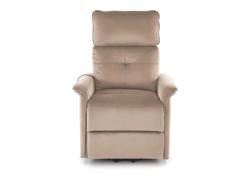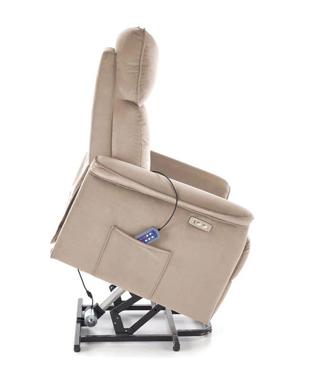 SEMIR 2 to luksusowy fotel wypoczynkowy, który oferuje wyjątkowy komfort i nowoczesne funkcje. Tapicerowany miękką, aksamitną tkaniną velvet BLUVEL w ciepłym, beżowym odcieniu #40, wnosi do wnętrza elegancję i przytulny charakter. Mechanizm elektrycznego rozkładania pozwala na płynną zmianę pozycji siedziska, a funkcja pionizacji ułatwia wstawanie, co czyni go idealnym rozwiązaniem dla osób ceniących wygodę i bezpieczeństwo. Wbudowany system masażu zapewnia odprężenie po długim dniu, a gniazdo USB umożliwia ładowanie urządzeń mobilnych bez wstawania. SEMIR 2 to doskonały wybór do salonu, gabinetu lub strefy relaksu, łączący estetykę z funkcjonalnością.
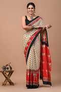 CRAFTS MODA Pure HANDLOOM Soft Cotton Mulmul Saree. Feel Premium High Quality Fabric Experience With This Product Product. These saree are perfect for occasions and events anytime of the day or night.One of the most graceful costumes made from unstitched fabric - the saree - the much loved choice for most Indian women can be worn in so many different ways. The saree and all its parts, the body, the pallu and the border, all of them play a significant role in the entire look. BLOCK PRINTING Sarees- Block printing was introduced to the Jaipur region of Rajasthan by the Chhipa community. This community was originally located in Bagru Village, an area now famous for its vegetable dye and mud resist (dabu) block prints. The art of block printing has been passed down for generations within families and communities and has branched out in recent decades to other regions such as Sanganer, just South of Jaipur. In traditional Bagru style block printing the recipes for the traditional plant-based dyes are developed within each family and kept alive from generation to generation. Note: Blouse shown in the image is only for shoot purpose actual blouse is same as saree fabric.
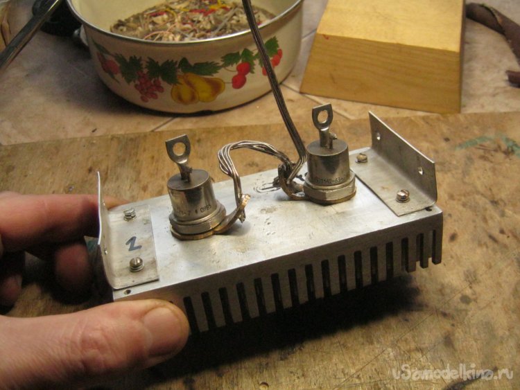 Установка тиристоров на радиаторы. В основном происходила штатно – разметка-сверление отверстия в пластине, с одной втыкаем тиристор, с другой накручиваем гайку. Тем более, что один из индивидуальных радиаторов и вовсе оказался «родным» (Фото 5). Встретились, обнялись, утерли скупую слезу - «сколько лет, сколько зим!», «а ты помнишь!»…
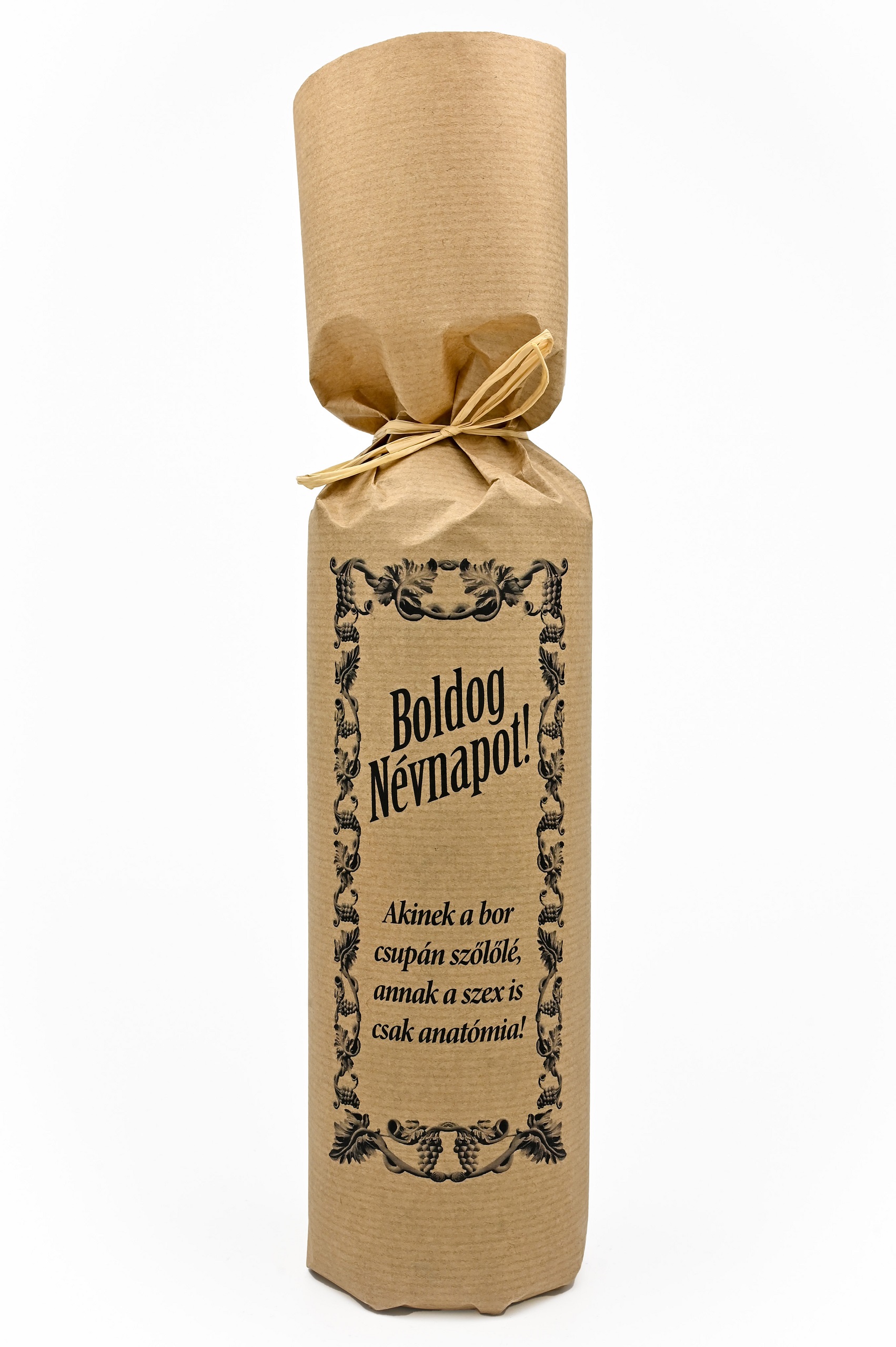 Egri Bikavér “Boldog Névnapot” vicces feliratú papír díszcsomagolásban
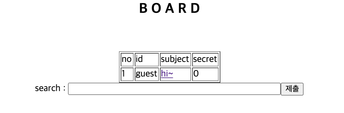 그래서 “게시판 글 안에 있는 Text를 검색하는건가?”라는 생각에 hello~를 검색하니, 글이 출력이 되었다.
* * * * * * * * *
### WHAT IS EXPECTED
The whole listing above must be returned exactly as written, with no pictures carried over.

### YOUR SOLUTION
 SEMIR 2 to luksusowy fotel wypoczynkowy, który oferuje wyjątkowy komfort i nowoczesne funkcje. Tapicerowany miękką, aksamitną tkaniną velvet BLUVEL w ciepłym, beżowym odcieniu #40, wnosi do wnętrza elegancję i przytulny charakter. Mechanizm elektrycznego rozkładania pozwala na płynną zmianę pozycji siedziska, a funkcja pionizacji ułatwia wstawanie, co czyni go idealnym rozwiązaniem dla osób ceniących wygodę i bezpieczeństwo. Wbudowany system masażu zapewnia odprężenie po długim dniu, a gniazdo USB umożliwia ładowanie urządzeń mobilnych bez wstawania. SEMIR 2 to doskonały wybór do salonu, gabinetu lub strefy relaksu, łączący estetykę z funkcjonalnością.
 CRAFTS MODA Pure HANDLOOM Soft Cotton Mulmul Saree. Feel Premium High Quality Fabric Experience With This Product Product. These saree are perfect for occasions and events anytime of the day or night.One of the most graceful costumes made from unstitched fabric - the saree - the much loved choice for most Indian women can be worn in so many different ways. The saree and all its parts, the body, the pallu and the border, all of them play a significant role in the entire look. BLOCK PRINTING Sarees- Block printing was introduced to the Jaipur region of Rajasthan by the Chhipa community. This community was originally located in Bagru Village, an area now famous for its vegetable dye and mud resist (dabu) block prints. The art of block printing has been passed down for generations within families and communities and has branched out in recent decades to other regions such as Sanganer, just South of Jaipur. In traditional Bagru style block printing the recipes for the traditional plant-based dyes are developed within each family and kept alive from generation to generation. Note: Blouse shown in the image is only for shoot purpose actual blouse is same as saree fabric.
 Установка тиристоров на радиаторы. В основном происходила штатно – разметка-сверление отверстия в пластине, с одной втыкаем тиристор, с другой накручиваем гайку. Тем более, что один из индивидуальных радиаторов и вовсе оказался «родным» (Фото 5). Встретились, обнялись, утерли скупую слезу - «сколько лет, сколько зим!», «а ты помнишь!»…
 Egri Bikavér “Boldog Névnapot” vicces feliratú papír díszcsomagolásban
 그래서 “게시판 글 안에 있는 Text를 검색하는건가?”라는 생각에 hello~를 검색하니, 글이 출력이 되었다.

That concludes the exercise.